“La scuola mi vieta di fornire il pranzo a mio figlio”
Una madre solleva il diritto sancito da un tribunale di Torino. La scuola non vuole accogliere la sua richiesta. Sulla questione non c'è chiarezza e si attendono disposizioni precise

Un panino portato da casa per il pranzo scolastico. Una madre della scuola primaria di Cittiglio ci scrive per lamentare le difficoltà a far passare quello che lei considera: « Un diritto come ha stabilito un tribunale di Torino». La questione era stata sollevata l’estate scorsa quando la decisione dei giudici piemontesi avevano dato vita a un movimento diffuso per liberalizzare il pasto nella pausa scolastica.
« Il mio terzo figlio – racconta la signora Valeria – frequenta la III classe della scuola primaria di primo grado a Cittiglio. Visto quanto accaduto circa la possibilità di far mangiare a scuola il pranzo portato da casa, a nome mio e di altri due ragazzi, dal giorno 12 Settembre mi attivo per sapere che cosa fare. Nonostante scritti protocollati, telefonate e avvisi, non ho alcuna risposta fino a che decido di forzare la situazione e lascio a scuola il bambino con il pranzo il giorno 3 Ottobre, dopo aver allertato la scuola che lo avrei fatto. Triste usare un bambino per obbligare al colloquio ma stranamente il giorno successivo ho risposta dalla Dirigente, che mi rende noto che sta aspettando l’esito di riunioni tra dirigenti e istituzioni. Poi più nulla. Il giorno 24 Ottobre avviso che tristemente procederò nuovamente con pranzo a scuola visto la totale mancanza di informazioni nella tempistica e visto che si stava perpetuando la violazione di un mio diritto. Finalmente mi è arrivata la risposta : «in merito alla Sua mail del 24/10/16, si comunica che ieri, 26 ottobre 2016, il Consiglio d’Istituto ha approvato la revisione del Pof 2016 – 2019 che, per quanto riguarda il servizio mensa, prevede quanto segue: in tutte le scuole dell’Istituto è possibile usufruire del servizio mensa, fornito dalle Amministrazioni comunali. Si tratta di un momento educativo, facente parte a tutti gli effetti del percorso scolastico, e affidato alla gestione degli insegnanti. L’educazione alimentare e alla convivenza rientrano nel curricolo di “Cittadinanza e costituzione”. Per questo motivo si è stabilito che tutti gli alunni consumino lo stesso pasto, imparando così a scuola i valori legati alla corretta alimentazione».

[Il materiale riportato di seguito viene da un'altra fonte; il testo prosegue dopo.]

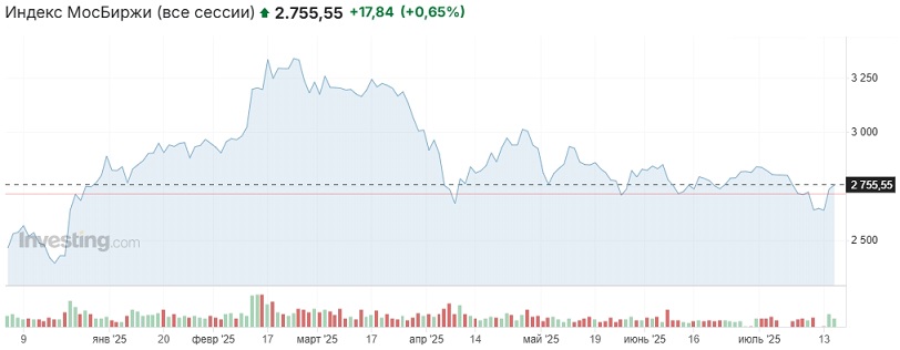 Характер торгов вторника (резкий рост на открытии и выход на горизонтальное плато в середине дня) говорит об исчерпании потенциала роста. Совокупность факторов, влияющих на динамику российского рынка, создаёт в целом слабо медвежий фон. Наиболее актуальным сценарием торгов среды видим консолидацию индекса Мосбиржи в районе 2750 пунктов с попытками умеренного снижения.
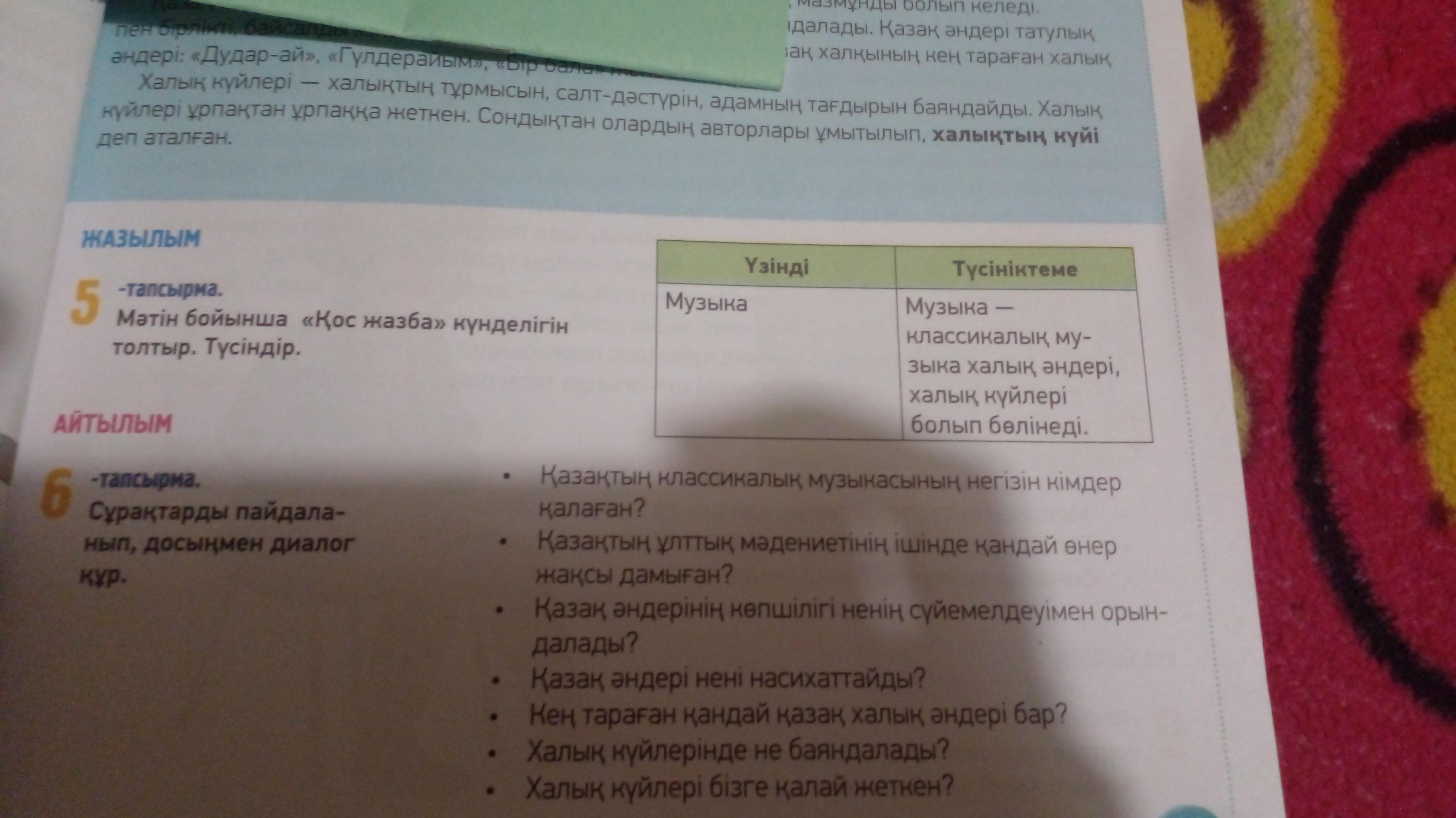 5- тапсырма . Мəтін бойынша 《 Қос жазба 》 күнделігін толтыр . Түсіндір.
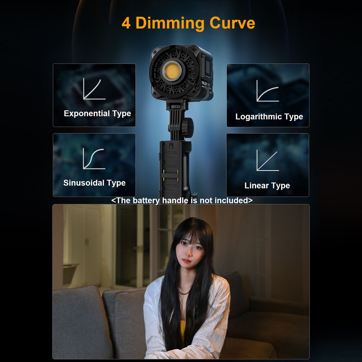 【High Brightness & High CRI】Adopts COB lamp bead, max. 120W high and 95+ high CRI. More chips are applied under the equal , which greatly improves the lighting efficiency. Brightness can be adjusted freely from 0.1%-100%, total 1000 levels. Built-in 4 dimming curve modes for different usage scenarios.
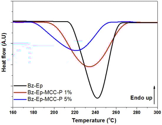 DSC studied the curing process of the Bz-Ep copolymer and its MCC-P-reinforced composites, and the resulting thermograms are depicted in Figure 2. The non-isothermal runs were performed at a rate of 15 °C/min for the prepared mixtures before curing.
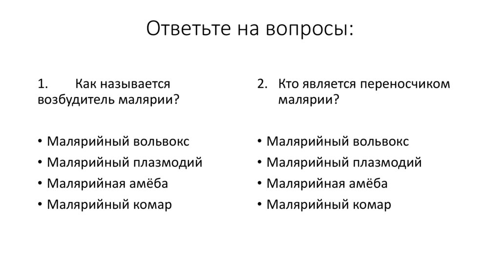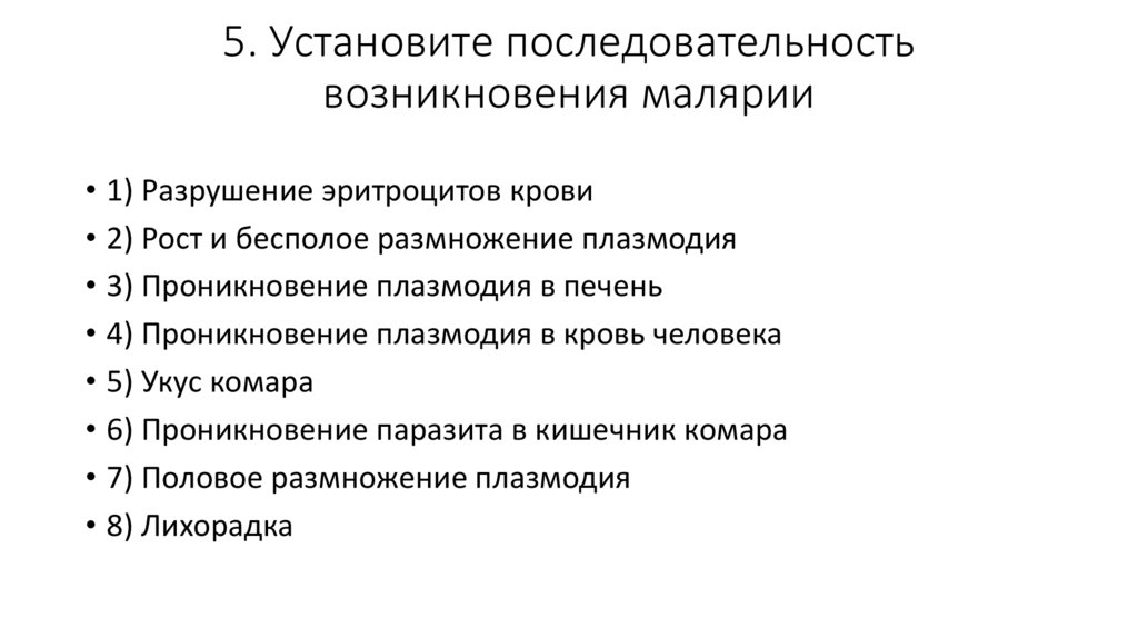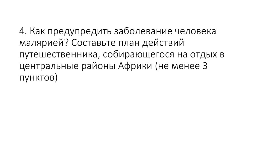 4. Как предупредить заболевание человекамалярией? Составьте план действий

Una risposta che non è piaciuta alla madre che si è emtita privata di un diritto : « Molte altre madri otterrebbero benefici da questa libertà. Vorrei almeno capire la vera motivazione».

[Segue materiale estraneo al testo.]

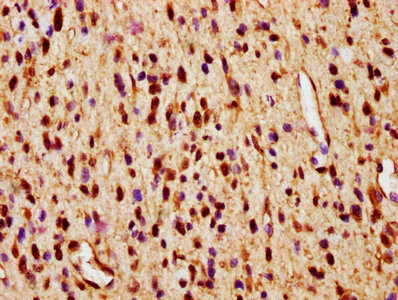 IHC image of CSB-PA618998LA01HU diluted at 1:600 and staining in paraffin-embedded human glioma performed on a Leica BondTM system. After dewaxing and hydration, antigen retrieval was mediated by high pressure in a citrate buffer (pH 6.0). Section was blocked with 10% normal goat serum 30min at RT. Then primary antibody (1% BSA) was incubated at 4°C overnight. The primary is detected by a biotinylated secondary antibody and visualized using an HRP conjugated SP system.
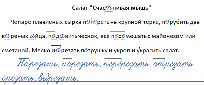 Вставим пропущенные буквы: счастливая - счастье (непроизносимая согласная), потереть - тёрка (безударная гласная), порубить, варёных - ва́рит, яйца - я́йца, подавить - да́вка, перемешать - ме́сит, нарезать, петрушку - словарное слово.
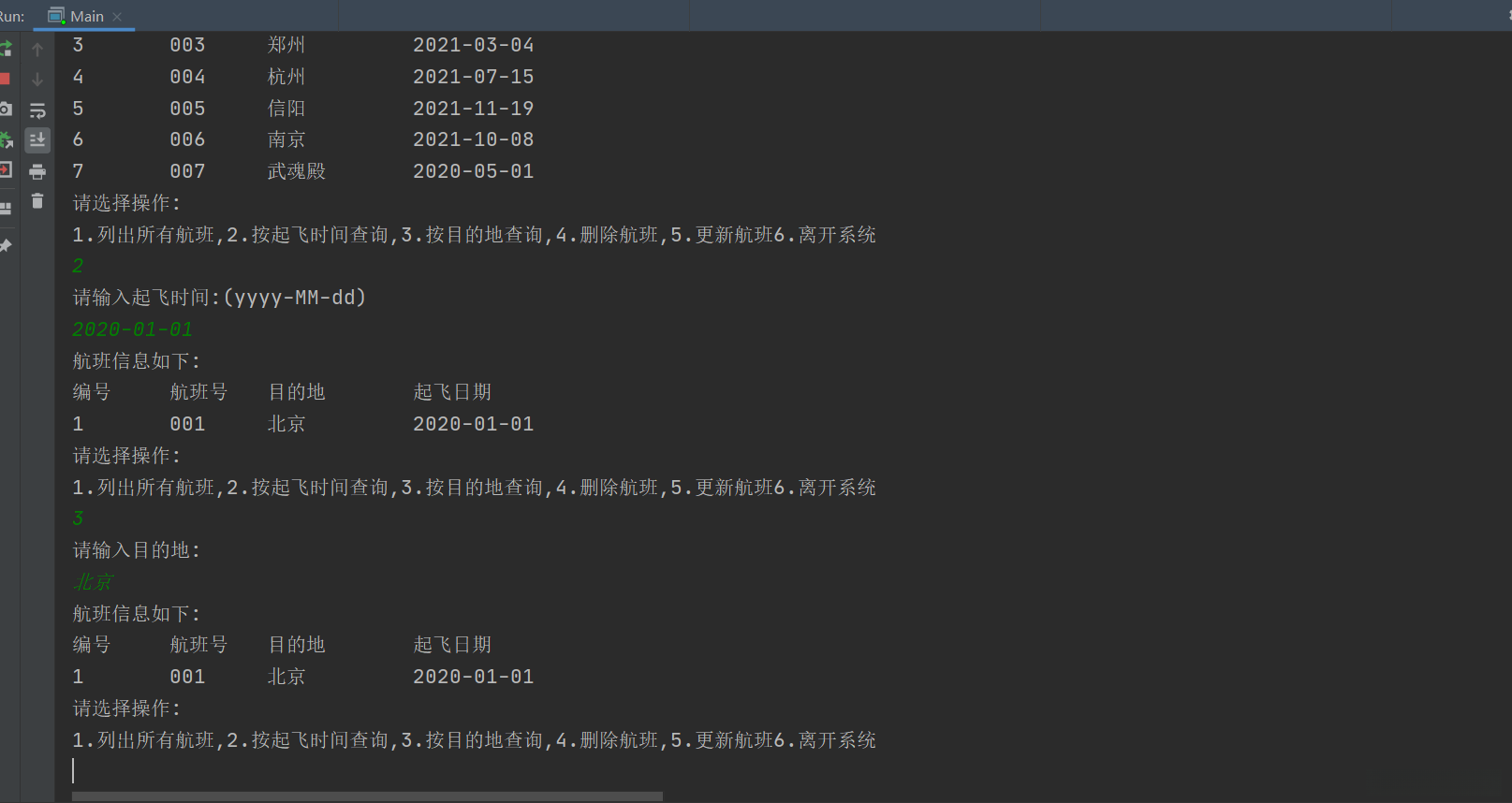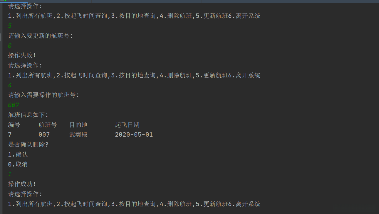 * @return 1.列出所有航班,2.按起飞时间查询,3.按目的地查询,4.删除航班,5.更新航班6.离开系统
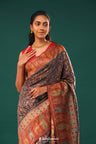 This delightful saree is crafted from moonga silk and features the contrast border and floral - peacock jaal & paisley kani weave from Kashmir. The earthy marengo grey colour is perfect for special occasions. The saree comes with a matching blouse piece.
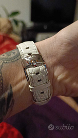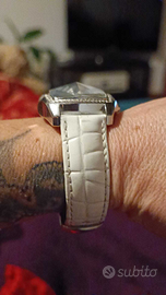 Orologio Chronotech analogico, con brillantini che incorniciano il quadrante in acciaio, cinturino bianco in vera pelle e chiusura in acciaio. Vetro a forma di prisma. Pila nuova e perfettamente funzionante
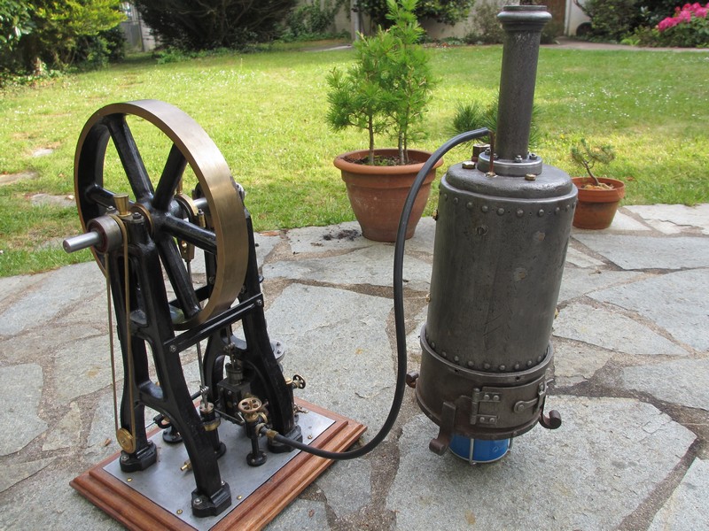 Si ces tests sont bon, et que cette chaudière est récupérable, cette pièce devrait convenir pour ma machine de style « Radiguet » que j’ai faite il y a 10 ans déjà et qui jusque là n’a tourné qu’à l’air comprimé ; ce qui amènera le poids total aux alentours de 25 kg…
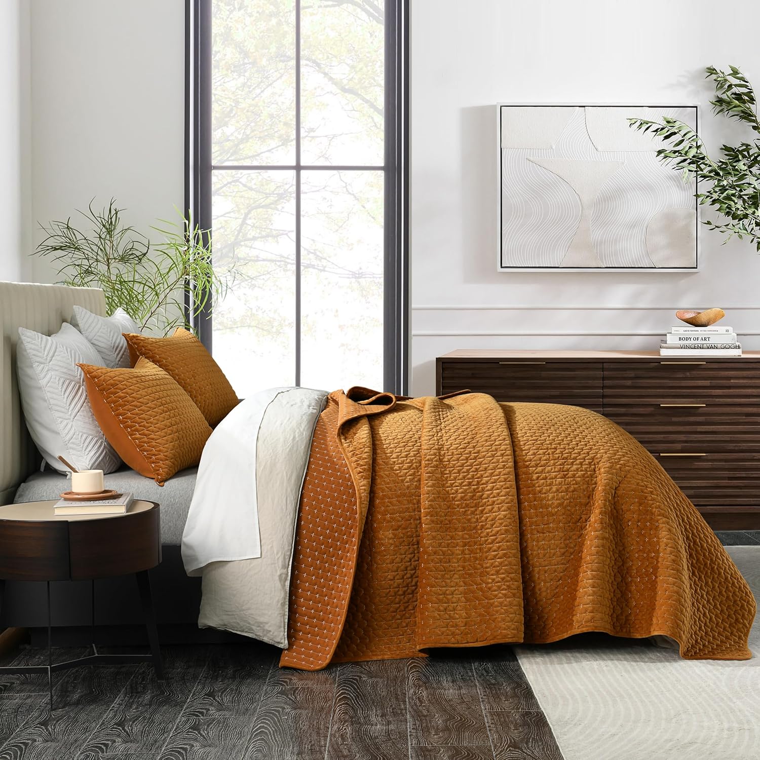 11 reviews for Grassix Velvet Quilt Set King Size – Luxury Cozy Velvet Quilt Bedding Set, Lightweight Velvet Comforter for All Season, Cross Stitch Coverlet Bedspreads with 2 Shams, Gold Caramel
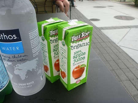 孫用のオーガニックリンゴジュース、水、アイスコーヒーを購入しました。
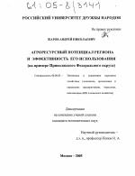 Агроресурсный потенциал региона и эффективность его использования тема диссертации по экономике, полный текст автореферата
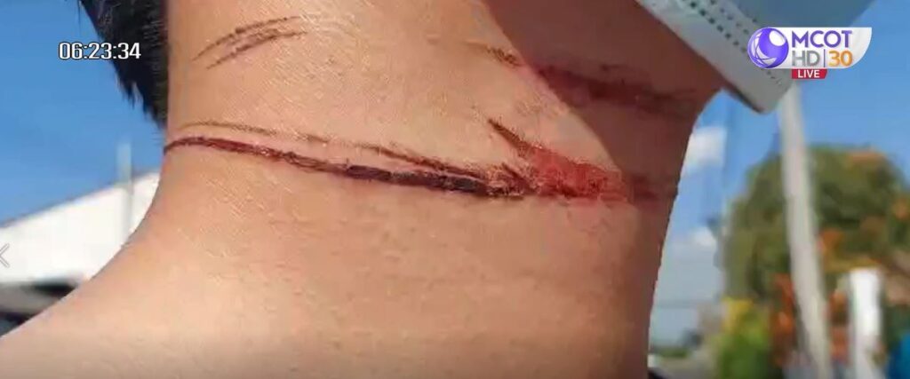 ผู้ใช้เฟซบุ๊กรายหนึ่ง โพสต์รูปภาพร่องรอยบาดแผลบริเวณลำคอที่ถูกสายสัญญาณของบริษัทแห่งหนึ่ง บาดจนเป็นแผลลึก พร้อมระบุข้อความว่า “ขออนุญาตครับผม ในกรณีนี้หน่วยงานไหนรับผิดชอบได้บ้างครับ กลัวไปแจ้งความแล้วตำรวจจะให้ลงบันทึกประจำวันไว้เฉยๆ ครับ พร้อมบอกว่า ถ้าผมขับมาเร็ว คอคงขาดแล้ว”

La questione, in effetti è molto delicata: « Ci troviamo ad affrontare una situazione anomala – spiega Claudio Merletti dirigente dell’Ufficio scolastico territoriale – di solito, le questioni scolastiche vengono decise dal Tar del Lazio. In questo caso si è espresso un giudice ordinario. Siamo quindi in attesa di disposizioni specifiche sull’argomento. È chiaro che il tema della mensa scolastica non è facile da risolvere perché coinvolge diversi enti. Si tratta di un momento educativo che viene gestito o direttamente dalla scuola in caso sia tempo scuola, oppure da personale del Comune quando i bambini si fermano per attività di doposcuola. Il cibo che viene proposto ai bambini è frutto dello studio di dietisti che attuano politiche alimentari specifiche, attente alle buone regole dei cibi sani. Aprire alla libertà dei singoli rischia di svilire questo pezzo formativo».
La questione, quindi, rimane aperta: « Attualmente sono di dirigenti che sono chiamati a decidere davanti alle singole richieste» ha concluso il dottor Merletti.